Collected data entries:
================================
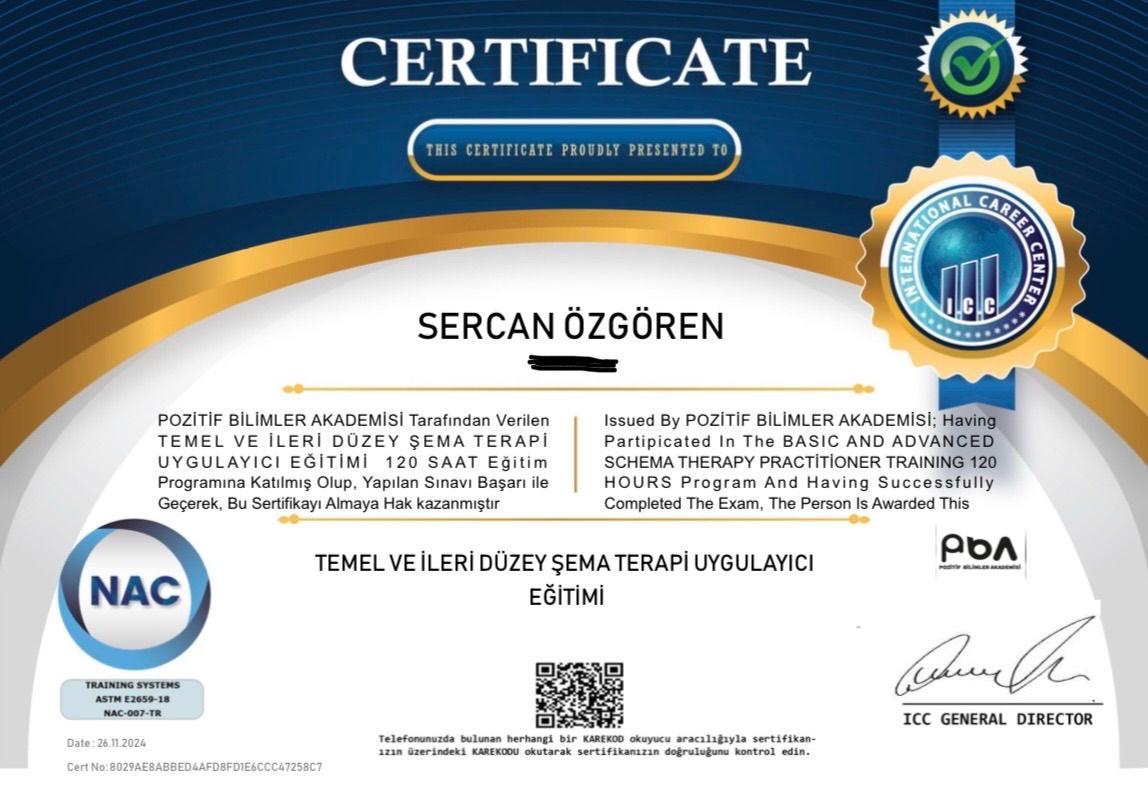 Psikoloji lisans eğitimimi İzmir Ekonomi Üniversitesi'nde tamamladım. Eğitim sürecimde Uzman Psikolog Umut Yılmaz'ın yanında EMDR ve Somatik Deneyimleme tekniklerine yönelik uygulamalı stajımı tamamladım. Ardından Fransız Lape Hastanesi'nde bipolar bozukluk ve şizofreni tanısı olan bireylerle çalışarak önemli klinik deneyimler edindim. Ayrıca aile danışmanlığı, çift danışmanlığı ve Kabul ve Kararlılık Terapisi (ACT) yaklaşımlarına dayalı kapsamlı bir eğitim sürecinden geçtim.
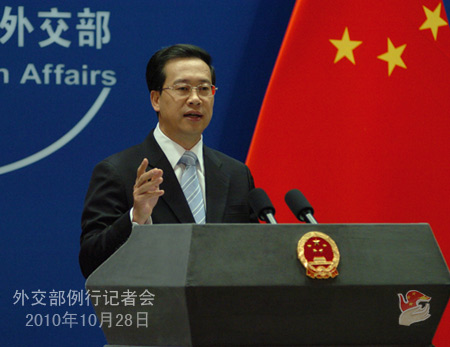 中新網(wǎng)10月28日電 據(jù)外交部網(wǎng)站消息,2010年10月28日,中國外交部發(fā)言人馬朝旭主持例行記者會(huì)。答問如下。
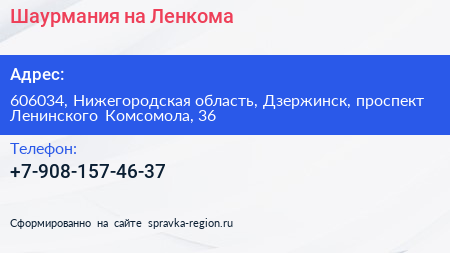 Шаурмания на Ленкома по адресу 606034, Нижегородская область, Дзержинск, проспект Ленинского Комсомола, 36 в дальнейшем Организация, размещена в следующих категориях:
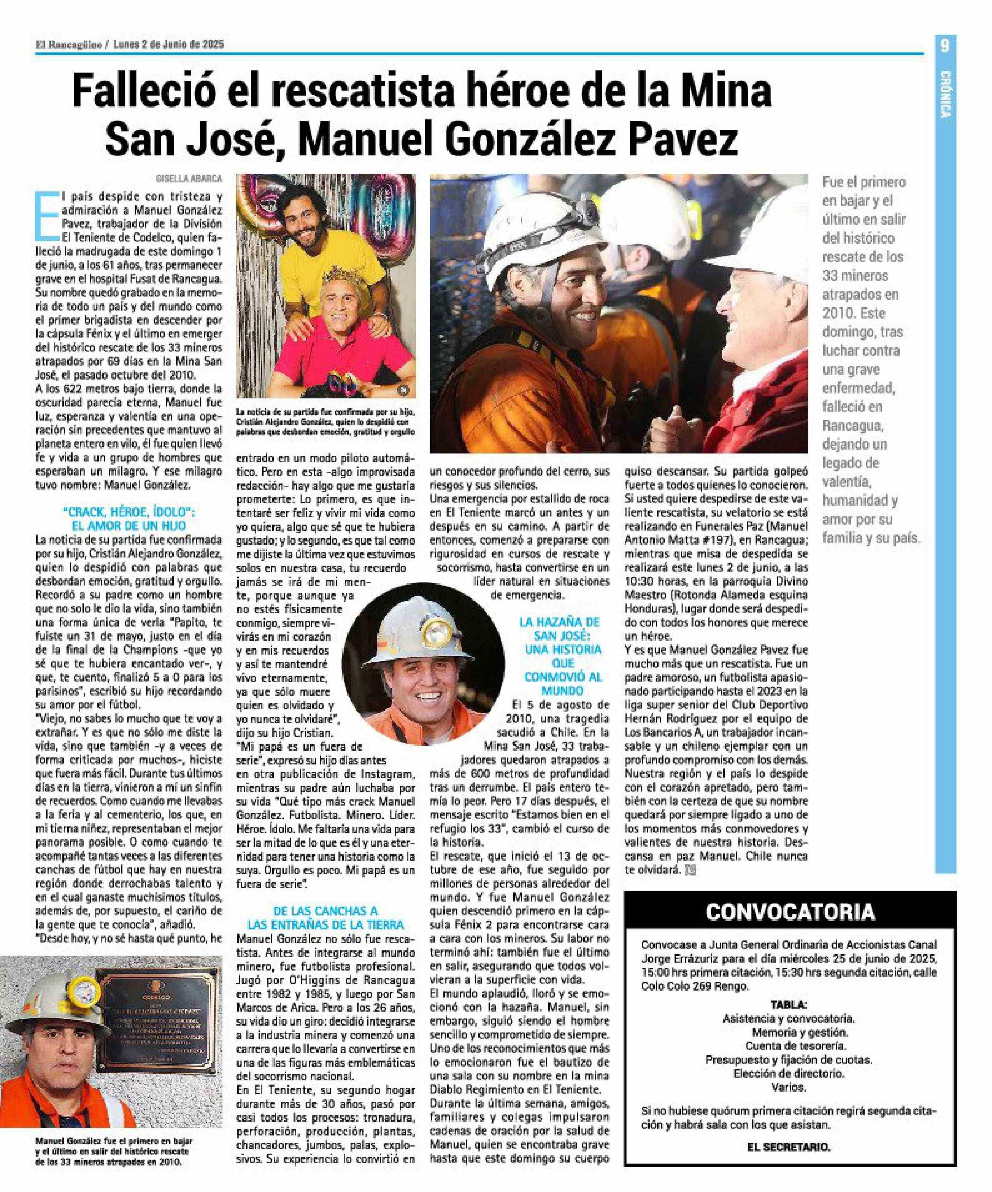 Falleció el rescatista héroe de la Mina San José. Manuel González Pavez 02-06-2025 El Rancagüino |
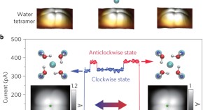 Resolving the internal structure of water molecules adsorbed on solid surfaces is challenging. Submolecular-resolution imaging of individual water monomers and tetramers on NaCl(001) films supported by a Au(111) substrate is now reported. The molecular orbitals of adsorbed water were directly visualized, which lead to the discrimination between the orientation of the monomers and the tetramers H-bond directionality.
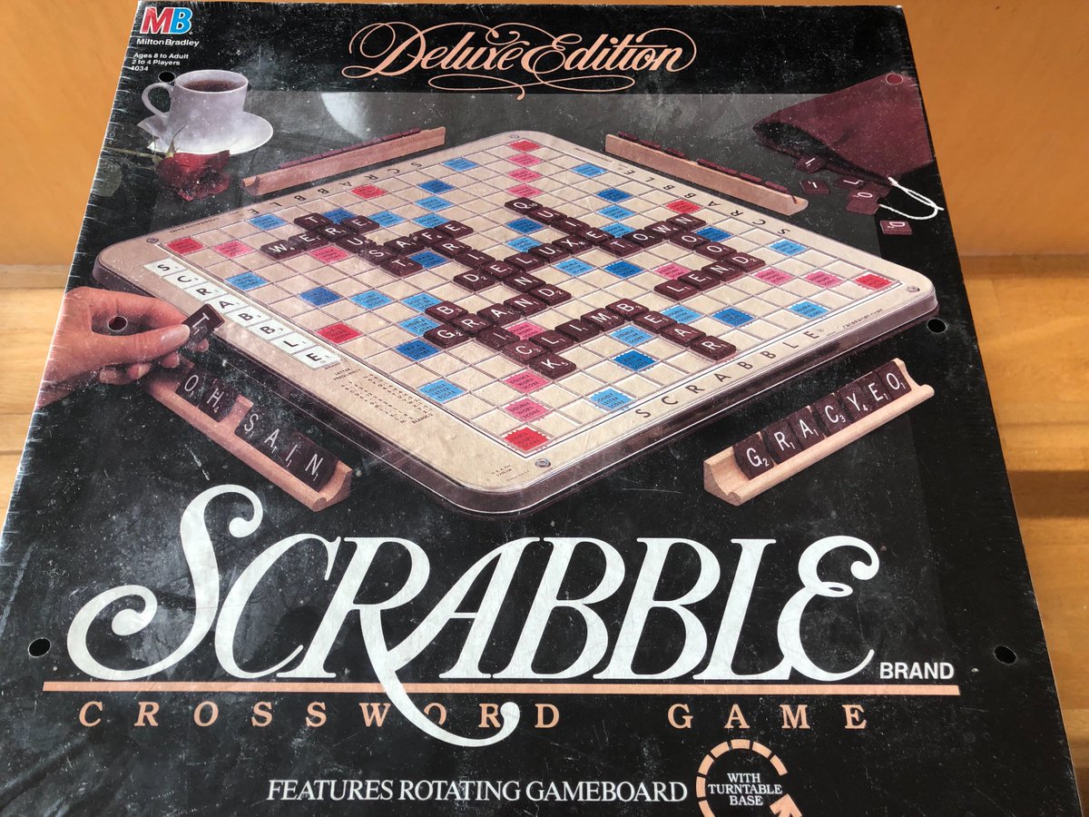 Turns out that peak Scrabble was the 1989 Deluxe edition - recessed grid to keep hardwood tiles in place and a rotating gameboard, made in USA...one of the few things from the 80s worth buying. Brand new, still wrapped in plastic. Sometimes - rarely - eBay > Amazon.pic.twitter.com/zodi2wX5xm
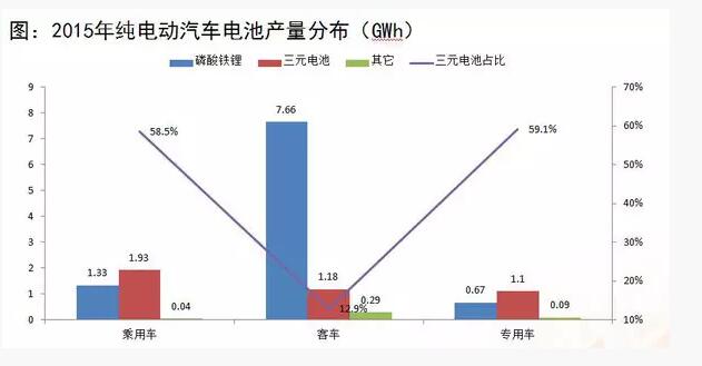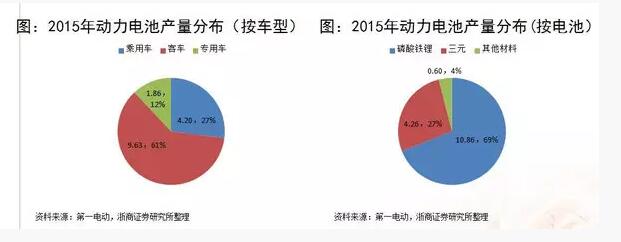 2015年中國(guó)市場(chǎng)動(dòng)力電池出貨量大概是15.7G瓦時(shí),同比增長(zhǎng)324%,其中三元電池是大概4.26G瓦時(shí),占27%。磷酸鐵鋰10.86G瓦時(shí),占比69%,其他的材料就占比非常少了,這兩種電池的占比,也是和乘用車和客車以及專用車這個(gè)占比是非常一致的,因?yàn)樵诳蛙嚿厦娆F(xiàn)在主要應(yīng)用的還是磷酸鐵鋰。所以說(shuō)在之前客車出貨量比較大的時(shí)候,磷酸鐵鋰是占了一個(gè)大頭。
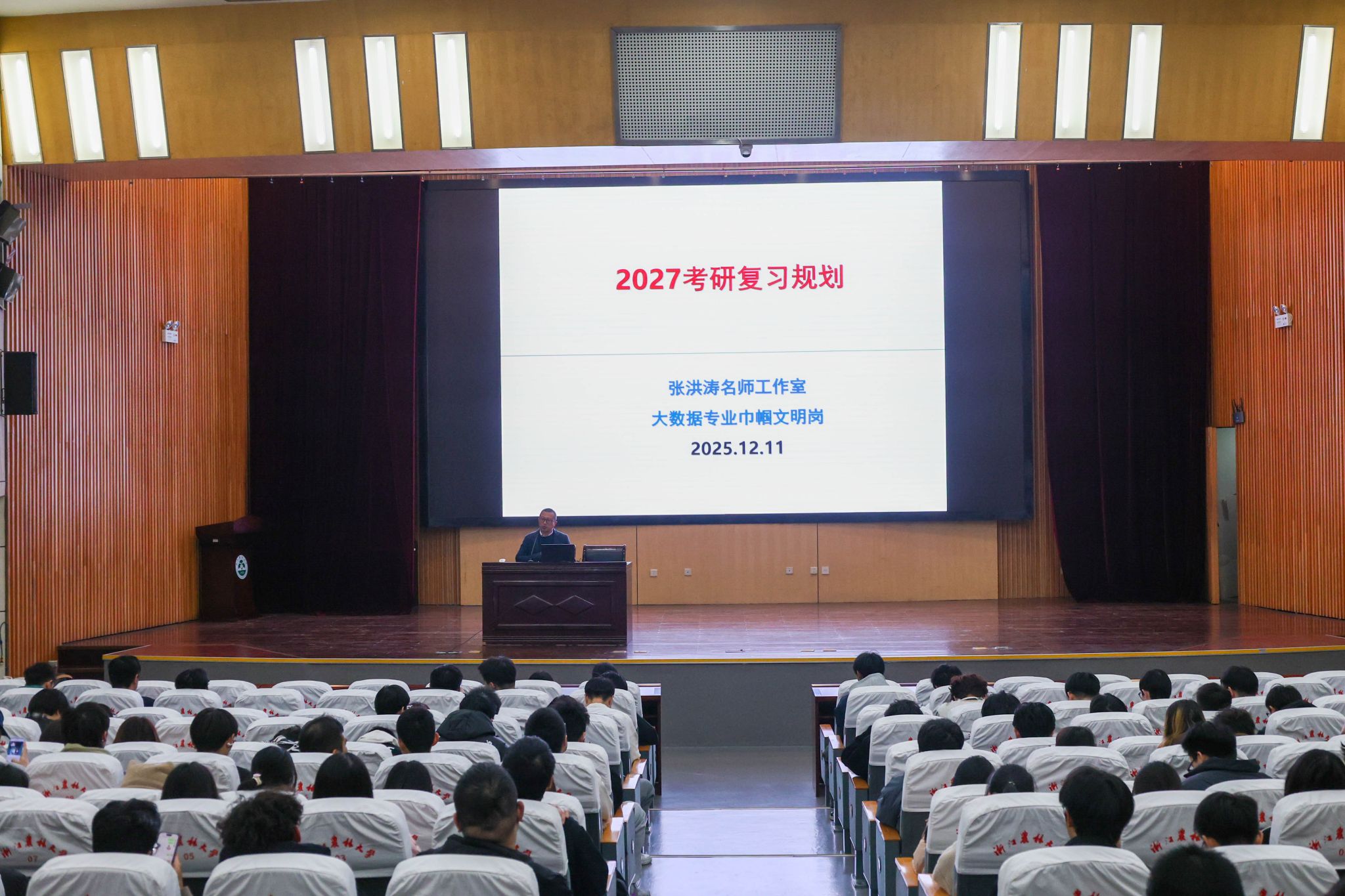 张洪涛为同学们作考研备考专题培训。他从考研政策动态、复习阶段规划、学科重点把握及备考心理调节等多个维度进行细致讲解,通过深入浅出的分析,助力同学们科学、稳健地走好考研之路。
================================
--- Your objective ---
Leaving each picture behind, please give again exactly the lines above from the one with "Resolving the internal" through the one with "Turns out that", both included, and no others.

--- Reply ---
 Resolving the internal structure of water molecules adsorbed on solid surfaces is challenging. Submolecular-resolution imaging of individual water monomers and tetramers on NaCl(001) films supported by a Au(111) substrate is now reported. The molecular orbitals of adsorbed water were directly visualized, which lead to the discrimination between the orientation of the monomers and the tetramers H-bond directionality.
 Turns out that peak Scrabble was the 1989 Deluxe edition - recessed grid to keep hardwood tiles in place and a rotating gameboard, made in USA...one of the few things from the 80s worth buying. Brand new, still wrapped in plastic. Sometimes - rarely - eBay > Amazon.pic.twitter.com/zodi2wX5xm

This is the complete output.